Nepal clears China's $1.6 B hydroelectric project amid irregularities
A parliamentary panel cleared the way for a Chinese company to build a $1.6 billion hydroelectric plant in Nepal.
The Natural Resources and Means Committee of the parliament had asked for the project to be halted due to allegations of irregularities in awarding the contract to the Chinese company without any international bidding.
Nepal had signed an agreement with China's Three Gorges International Corp in February allowing the firm to construct the 750-megawatt West Seti dam in the northwest.
The Chinese firm, which was to own a 75 percent stake in it while the state-owned Nepal Electricity Authority would take the rest, threatened to pull out after the parliamentary panel ordered an inquiry.

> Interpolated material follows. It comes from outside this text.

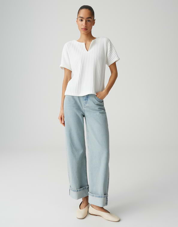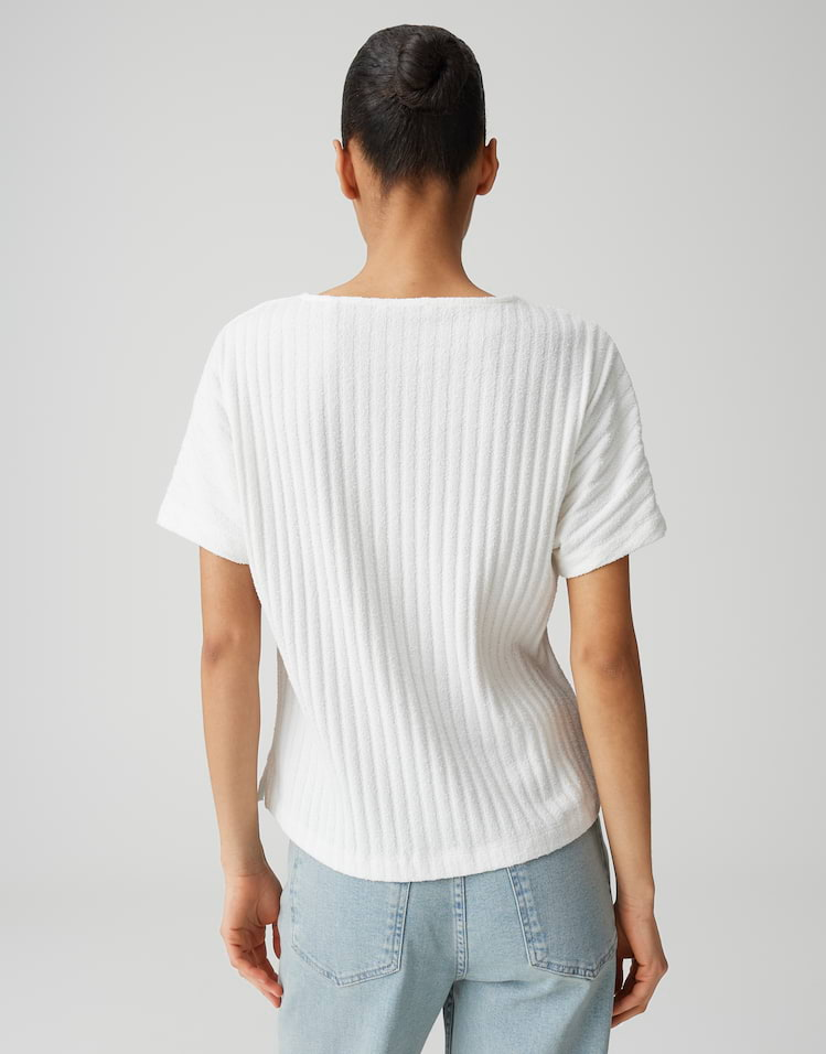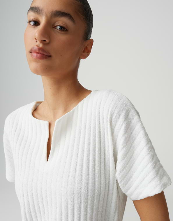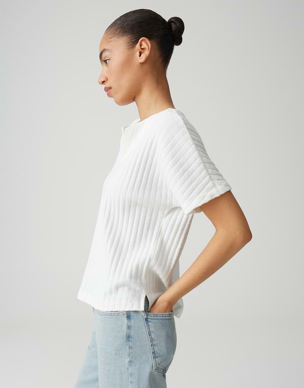 Opvallende ribbels ontmoeten een zacht, bijna badstofachtig oppervlak, mogelijk gemaakt door het licht geruwde Frizzy-garen, dat het SOMBRI-shirt zijn speciale gevoel geeft. Met een boxy snit en geaccentueerd met een splitdetail, heeft het shirt een bewust minimalistische maar allesbehalve alledaagse look.

"We have now directed the government to let the Chinese company go ahead with the project but with some corrections in the agreement," Shanta Chaudhary, chief of the parliamentary panel, said after an investigation
of three weeks.
The project, set to be completed in 2019, is expected to ease the crippling power shortage in Nepal whose economy is still emerging from a decade-long civil war - conflict that scared away investors and slowed
infrastructure projects.
"But the project must be routed through the Nepal Investment Board as required by law," she said without giving details.
According to Lakshman Ghimire, a member of the committee, the Chinese firm should be given only 51 percent stakes instead of 75 percent and the remaining distributed among the public in the remote villages where
the project is to be located.
It is Nepal's biggest foreign investment programme.
Officials from the Chinese firm were not available for comment.